→ **PROBLEM DETAILS**
A word-for-word copy of the entries is needed, and it should contain no images.

→ **RECORD SET**
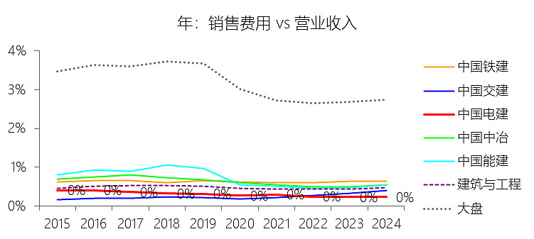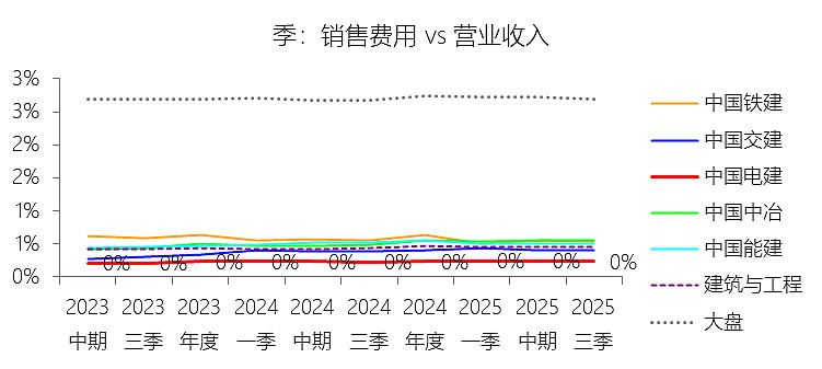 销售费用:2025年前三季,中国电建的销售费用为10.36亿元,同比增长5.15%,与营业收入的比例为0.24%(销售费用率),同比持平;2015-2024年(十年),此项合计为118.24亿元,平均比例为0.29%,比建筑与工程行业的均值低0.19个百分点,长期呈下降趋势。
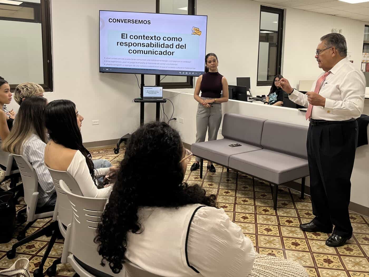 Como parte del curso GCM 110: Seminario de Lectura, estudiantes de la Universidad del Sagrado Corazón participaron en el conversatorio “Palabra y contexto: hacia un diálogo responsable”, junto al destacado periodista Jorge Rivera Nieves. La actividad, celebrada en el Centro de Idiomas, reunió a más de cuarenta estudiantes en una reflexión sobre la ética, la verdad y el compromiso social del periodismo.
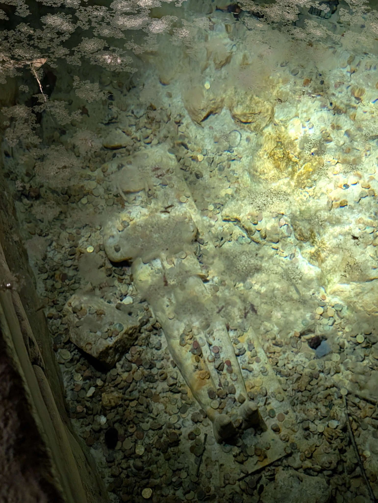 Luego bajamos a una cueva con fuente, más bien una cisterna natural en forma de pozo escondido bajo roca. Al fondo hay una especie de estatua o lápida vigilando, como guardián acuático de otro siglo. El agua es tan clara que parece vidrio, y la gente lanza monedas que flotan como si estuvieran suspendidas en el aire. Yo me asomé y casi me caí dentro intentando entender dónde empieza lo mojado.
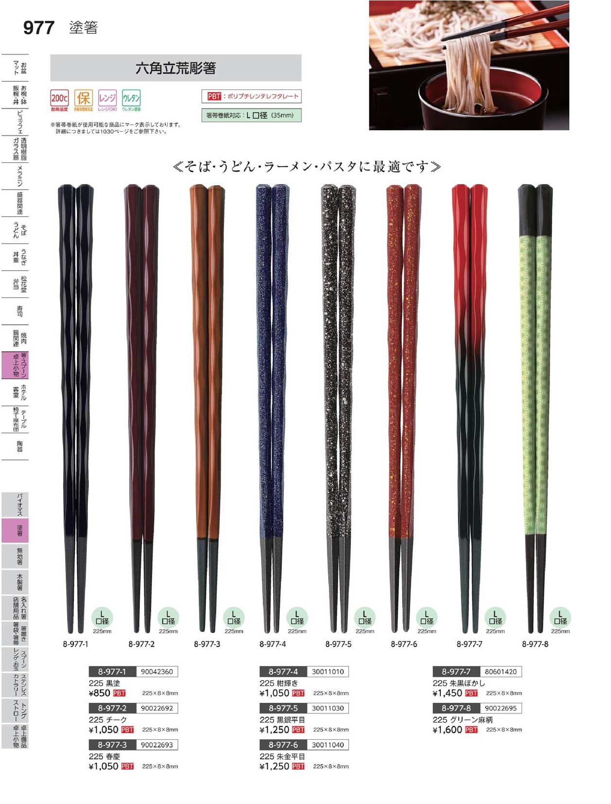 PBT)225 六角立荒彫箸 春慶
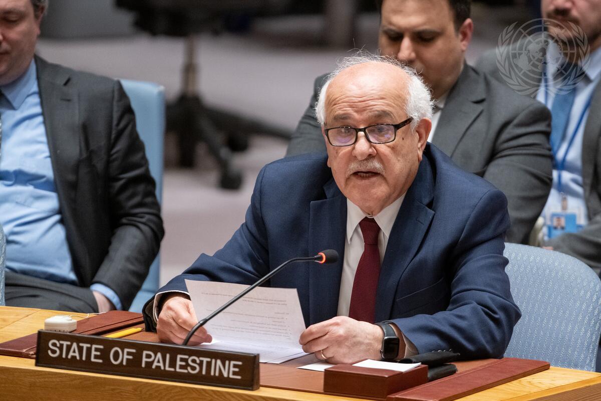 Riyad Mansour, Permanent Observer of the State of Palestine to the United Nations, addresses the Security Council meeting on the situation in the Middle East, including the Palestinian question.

→ **SOLUTION TO THIS EXERCISE**
 销售费用:2025年前三季,中国电建的销售费用为10.36亿元,同比增长5.15%,与营业收入的比例为0.24%(销售费用率),同比持平;2015-2024年(十年),此项合计为118.24亿元,平均比例为0.29%,比建筑与工程行业的均值低0.19个百分点,长期呈下降趋势。
 Como parte del curso GCM 110: Seminario de Lectura, estudiantes de la Universidad del Sagrado Corazón participaron en el conversatorio “Palabra y contexto: hacia un diálogo responsable”, junto al destacado periodista Jorge Rivera Nieves. La actividad, celebrada en el Centro de Idiomas, reunió a más de cuarenta estudiantes en una reflexión sobre la ética, la verdad y el compromiso social del periodismo.
 Luego bajamos a una cueva con fuente, más bien una cisterna natural en forma de pozo escondido bajo roca. Al fondo hay una especie de estatua o lápida vigilando, como guardián acuático de otro siglo. El agua es tan clara que parece vidrio, y la gente lanza monedas que flotan como si estuvieran suspendidas en el aire. Yo me asomé y casi me caí dentro intentando entender dónde empieza lo mojado.
 PBT)225 六角立荒彫箸 春慶
 Riyad Mansour, Permanent Observer of the State of Palestine to the United Nations, addresses the Security Council meeting on the situation in the Middle East, including the Palestinian question.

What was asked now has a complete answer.